Wednesday, February 13, 2008

Studies tie brain aging to lead exposure

Long-ago exposure may make brain work as if it's older

NEW YORK – Could it be that the "natural" mental decline that afflicts many older people is related to how much lead they absorbed decades before?

That's the provocative idea emerging from some recent studies, part of a broader area of research that suggests some pollutants cause harm that shows up only years after exposure.

The new work suggests long-ago lead exposure can make an aging person's brain work as if it's five years older than it really is. If that's verified by more research, it means that sharp cuts in environmental lead levels more than 20 years ago didn't stop its widespread effects.

"We're trying to offer a caution that a portion of what has been called normal aging might in fact be due to ubiquitous environmental exposures like lead," said Dr. Brian Schwartz of Johns Hopkins University.

"The fact that it's happening with lead is the first proof of principle that it's possible," said Dr. Schwartz, a leader in the study of lead's delayed effects. Other pollutants like mercury and pesticides may do the same thing, he said.

The notion of long-delayed effects is familiar – tobacco and asbestos, for example, can lead to cancer. But in recent years, scientists are coming to appreciate that exposure to other pollutants in early life also may promote disease much later on.

Hard to study

Studying delayed effects in people is difficult, because they generally must be followed for a long time. Research with lead is easier, because scientists can measure the amount that has accumulated in the shinbone over decades and get a read on how much lead a person has been exposed to.

Lead in the blood, by contrast, reflects recent exposure. Virtually all Americans have lead in their blood, but the amounts are far lower today than in the past.

The big reason for the drop: the phasing out of lead in gasoline from 1976 to 1991. Because of that and accompanying measures, the average lead level in the blood of American adults fell 30 percent by 1980 and about 80 percent by 1990.

That's a major success story for environmentalists. But work by Dr. Schwartz and Dr. Howard Hu of the University of Michigan suggests that the long-term effects of the high-lead era are still being felt.

In 2006, Dr.

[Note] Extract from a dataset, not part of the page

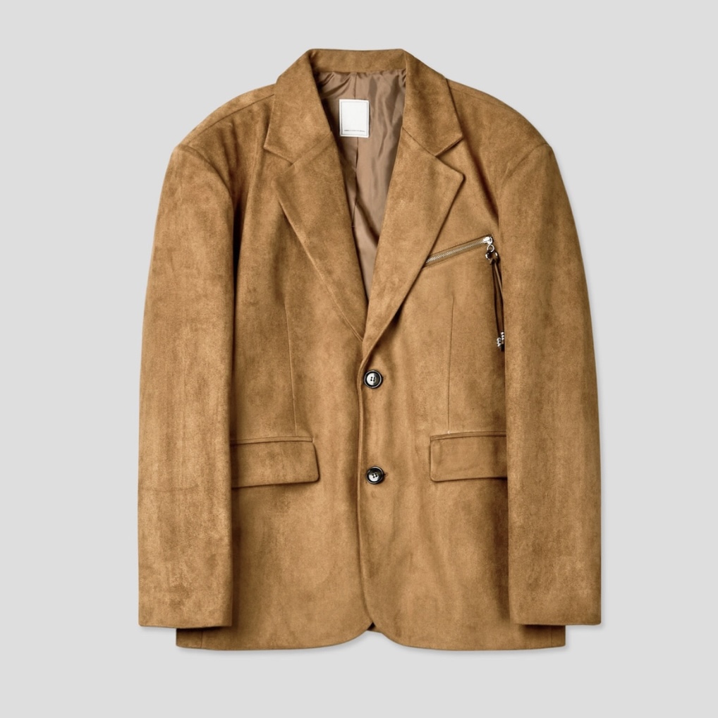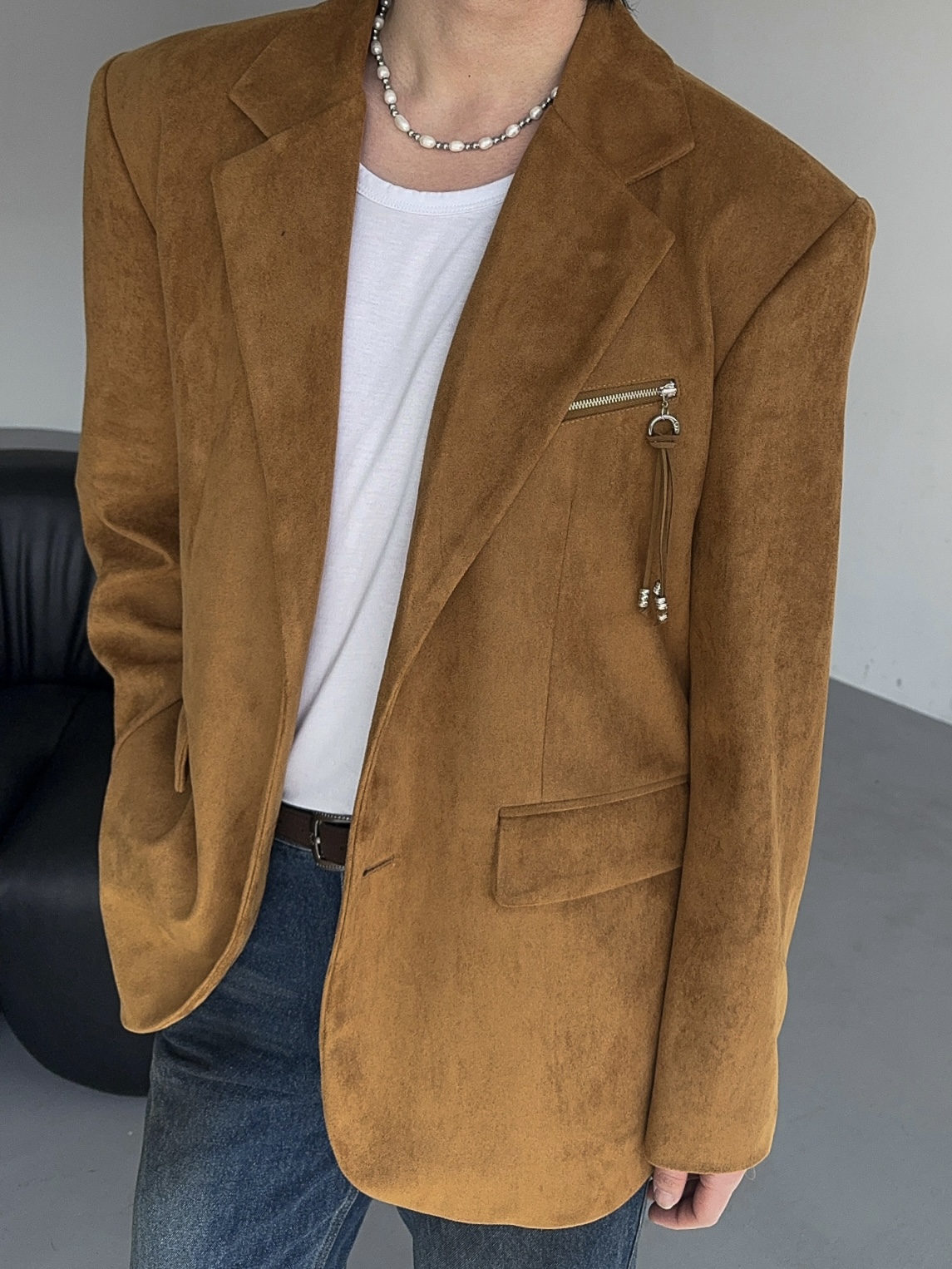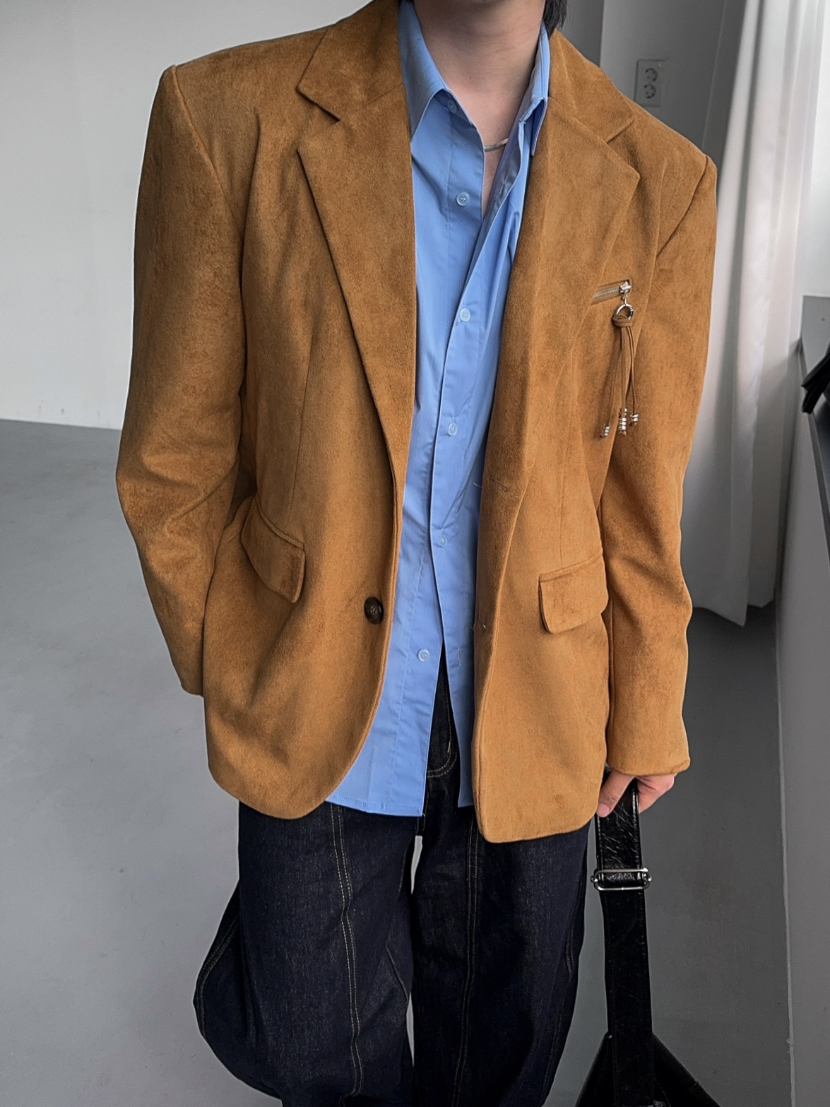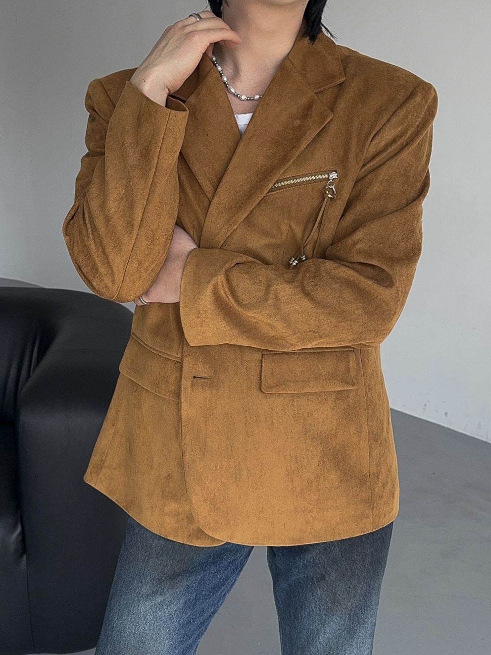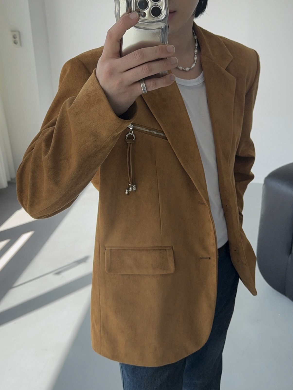 -부드러운 스웨이드 재질로 제작된 블레이저 자켓

Schwartz and his colleagues published a study of about 1,000 Baltimore residents. They were ages 50 to 70, old enough to have absorbed plenty of lead before it disappeared from gasoline. They probably got their peak doses in the 1960s and 1970s, Dr. Schwartz said, mostly by inhaling air pollution from vehicle exhaust and from other environmental sources.

The researchers estimated each person's lifetime dose by scanning their shinbones for lead. Then they gave each one a battery of mental ability tests.

In brief, the scientists found that the higher the lifetime lead dose, the poorer the performance across a wide variety of mental functions, like verbal and visual memory and language ability. From low to high dose, the difference in mental functioning was about the equivalent of aging by two to six years.

Dr. Hu and his colleagues took a slightly different approach in a 2004 study of 466 men with an average age of 67. Those men took a mental-ability test twice, about four years apart on average. Those with the highest bone lead levels showed more decline between exams than those with smaller levels, with the effect of the lead equal to about five years of aging.

Other influences

Nobody is claiming that lead is the sole cause of age-related mental decline, but it appears to be one of several factors involved, Dr. Hu stressed.

If so, it would join such possible influences as high blood pressure, diabetes, stroke, emotional stress and maybe education level, said Bradley Wise of the National Institute on Aging. Nobody knows exactly what causes mental decline with age, he said.

Although the studies by Dr. Hu and Dr. Schwartz suggest lead is involved, Dr. Wise and others say they don't prove the link.

"I think many things impact how we age, but I think right now it's maybe premature to be giving lead a huge role in our age-related cognitive decline," said Dr. Margit L. Bleecker, director of the Center for Occupational and Environmental Neurology in Baltimore. Still, she called the lead hypothesis "a very interesting idea" deserving more study.

Others were more impressed.

"The new evidence from these studies should concern people," said epidemiologist Andrew Rowland of the University of New Mexico. "These two research groups are finding adverse effects on the aging brain at low levels of lead exposure. More work needs to be done, but these studies are raising important questions."

GASOLINE ISN'T ONLY DANGER

NEW YORK – Researchers are finding that lead absorbed early in life may affect brain function in old age. While some sources of lead, such as leaded gasoline have dropped, there are others. For example:

  • Deteriorating lead paint can produce lead dust and chips that children swallow. The federal government banned lead paint from housing in 1978, but older homes may have it.
  • Soil can become contaminated and be carried indoors.
  • Drinking water can pick up lead from pipes or solder in older homes.
  • Traces of lead can be brought home on hands or clothes from jobs that involve working with the metal.
  • Food and liquids stored in lead crystal or lead-glazed containers may pick up the metal.
  • Some folk remedies contain lead.
  • Lead is used in some hobbies, such as making pottery or stained glass, or refinishing furniture.